The link for this week's live-streamed service is here.

The month of October was a very busy one at SPPC and included our "cozy toes" campaign. You can see in these photos, Christian love in action.
As noted previously, we've gone beyond socks in this program and now collect personal items as well as coats, sweaters, underwear, and boots.

It is all gathered and sent on to The Mustard Seed. This marvellous, compassionate organization has been helping the vulnerable on our streets since 1975.
In the past four or five decades nearly all of the agencies in our area have evolved and expanded. The Open Door began in 1986 with a peanut butter sandwich and a sympathetic ear in an upstairs room at Metropolitan United Church. The Upper Room, founded in 1967, was a simple coffee house, offering a meal and shelter to those living rough on the streets of Victoria. Eventually, those two organizations joined forces to become Our Place, which now serves over half a million meals per year, provides hot showers, medical care, clean clothing, and help with housing.
Cool Aid began in 1968 as a hostel for transient youth travelling across the country. It didn't take long until they realized there was a need for more and added medical and dental clinics
In 1975, Rev. Gipp Forster set up a prayer stool in a closet in his shop and The Mustard Seed Street Church began. Anyone could come to pray and receive spiritual and practical care. For a time he had a broadcast on local radio. I remember the homilies began with "I'm Gipp Forster and I'm a street pastor." Today the Mustard Seed provides family support, maintains a huge food bank, operates "Hope Farm" in Duncan, offers hospitality at a drop-in centre and conducts services and offers spiritual guidance in their church.
For all the growth and expansion the passing years have wrought, they have never forgotten their core values, including,
Christianity: knowing that love comes from Christ and redemption is the way of God’s Kingdom, we serve and lead as a response to that love, shared with our neighbours, a love that pervades everything that we do and are.

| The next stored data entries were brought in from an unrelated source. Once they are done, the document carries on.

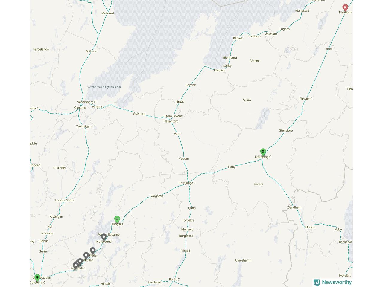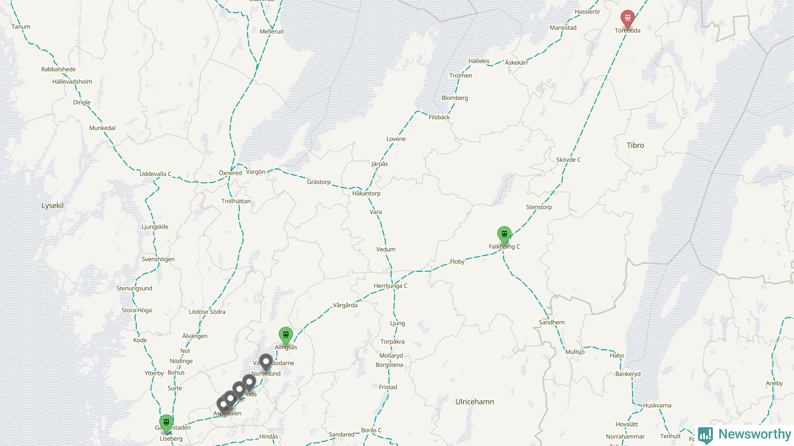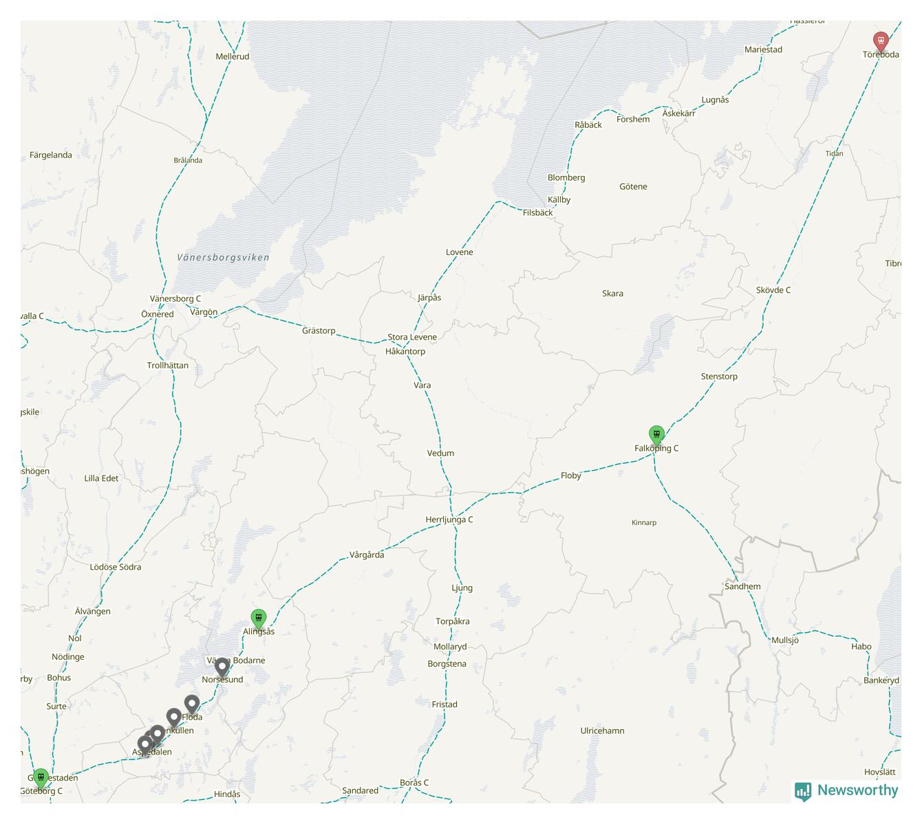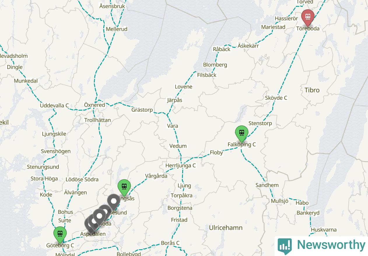 Kartdata från Mapbox, Newsworthy, OpenStreetMap och Trafikverket. Uppgifter om sträckor med passagerartrafik från jarnvag.net.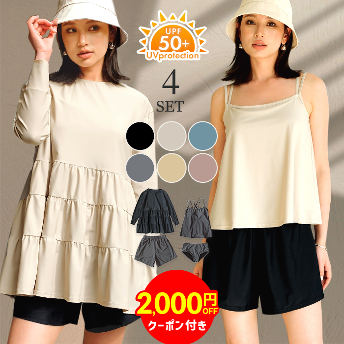 クーポン利用で5,980円 水着 レディース 体型カバー タンキニ ラッシュガード 4点セット UVカット UPF50+ ショートパンツ キャミ 20代 30代 40代 水陸両用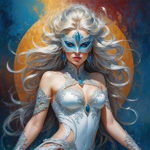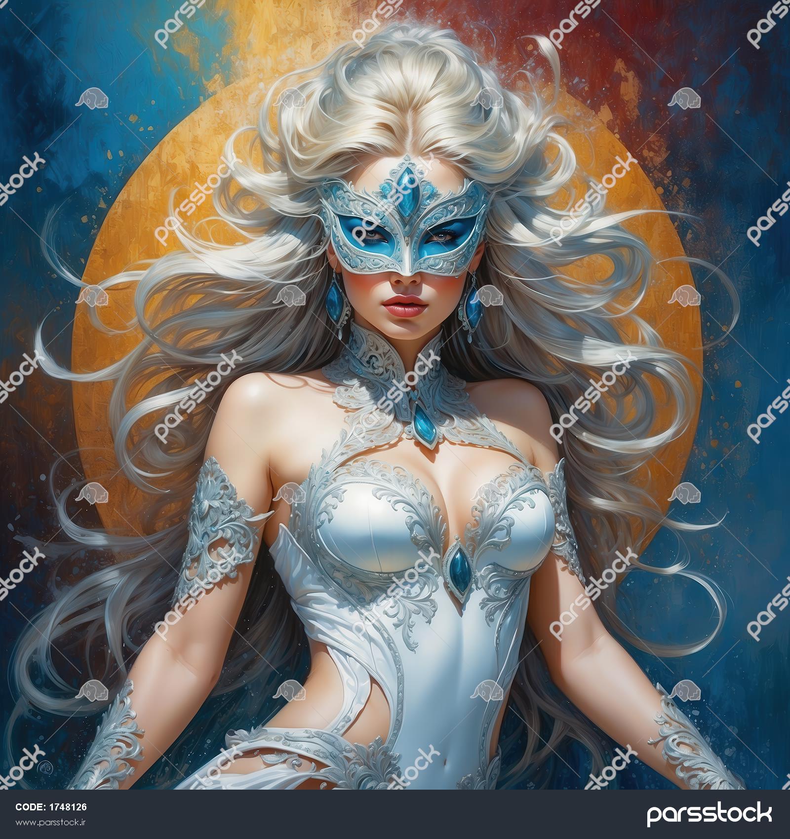تصویر الهه با موی نقره‌ای و لباس سفید و ماسک آبی برای پوستر اتاق خواب

If we were to look at these agencies, along with the plethora of soup kitchens and clothing drives operating out of church halls and service clubs, we would say the "industry" is thriving. Their customer base expands year after year, their budget increases, community buy-in is huge, their payrolls expand. . . . Sadly, this "success" is not the aim. Nothing would make these "helping ministries" happier than to be out of business, in a city where hunger and homelessness do not exist.
Until that day, they spread the love of Christ amongst the disadvantaged and vulnerable in Victoria.

At SPPC we are privileged to add our gifts -- a warm sock, a thick coat, a tube of toothpaste -- to their larger ministry.